(TRY IT):
What is needed is an exact repetition of the lines from the first one in the data through the line with "Photographed by Daniel", with no pictures.

(RECORDED DATA):
*** Begin section ***

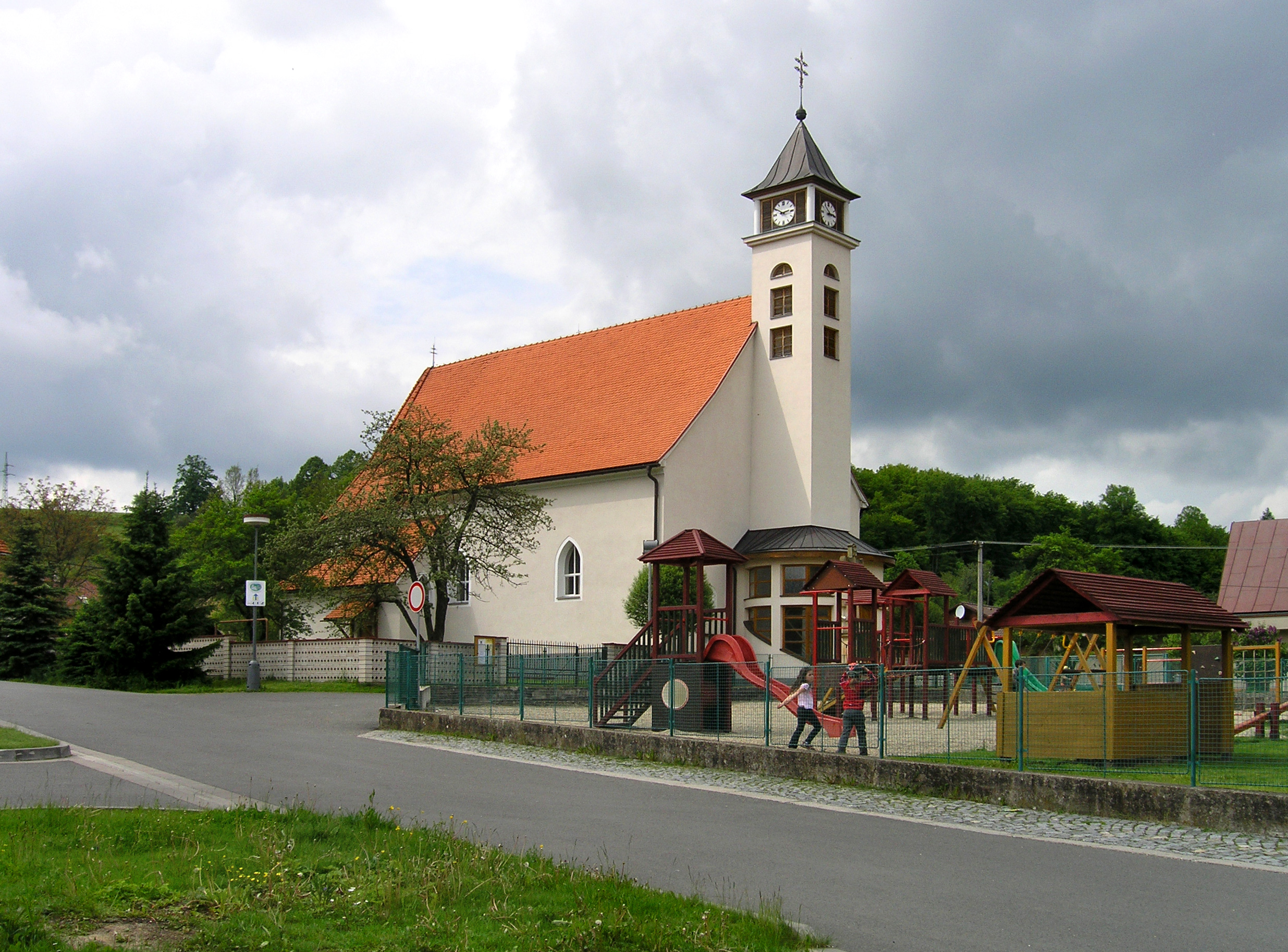 Church in Valašská Polanka, Czech Republic
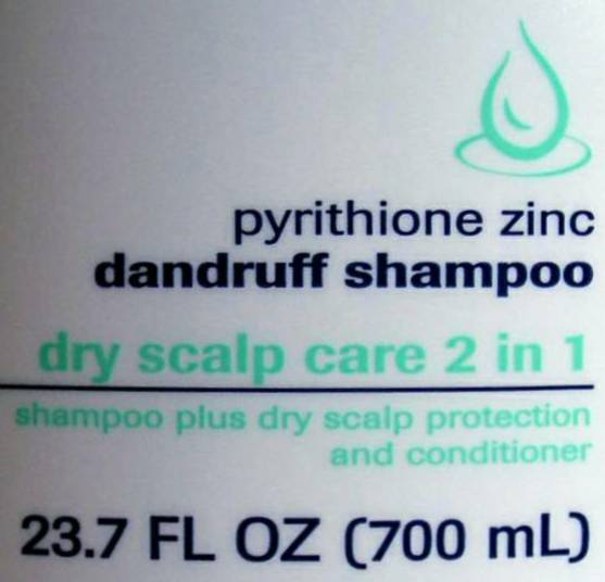 Photographed by Daniel Case 2006-05-27 in my bathroom.
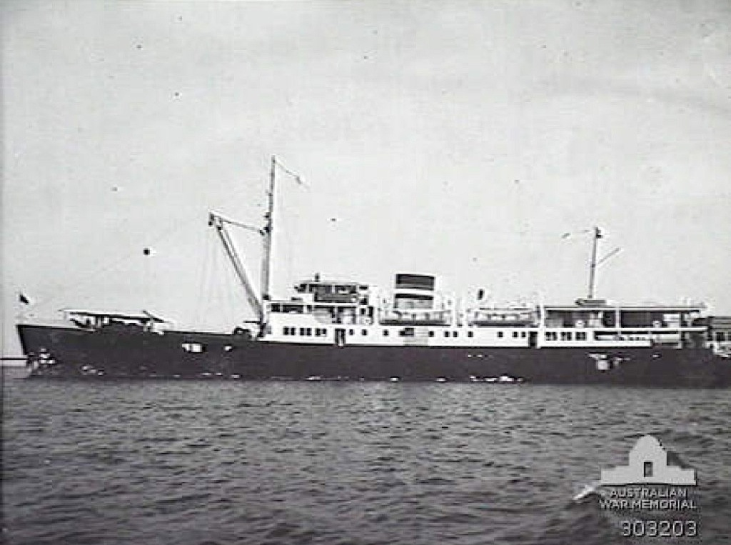 Port side view of the American passenger motor vessel Don Esteban. Note the prominent national flag painted on her hull to indicate her neutrality. (Naval Historical Collection) black & white photograph. "Australian War Memorial notice: Copyright expired - public domain—This term describes material held in the National Collection that is clearly out of the period of copyright protection. Material that has passed out of the period of copyright protection is known as being in the “public domain” and is free of known copyright restrictions."

*** End section ***

(RESULT OF THIS EXERCISE):
 Church in Valašská Polanka, Czech Republic
 Photographed by Daniel Case 2006-05-27 in my bathroom.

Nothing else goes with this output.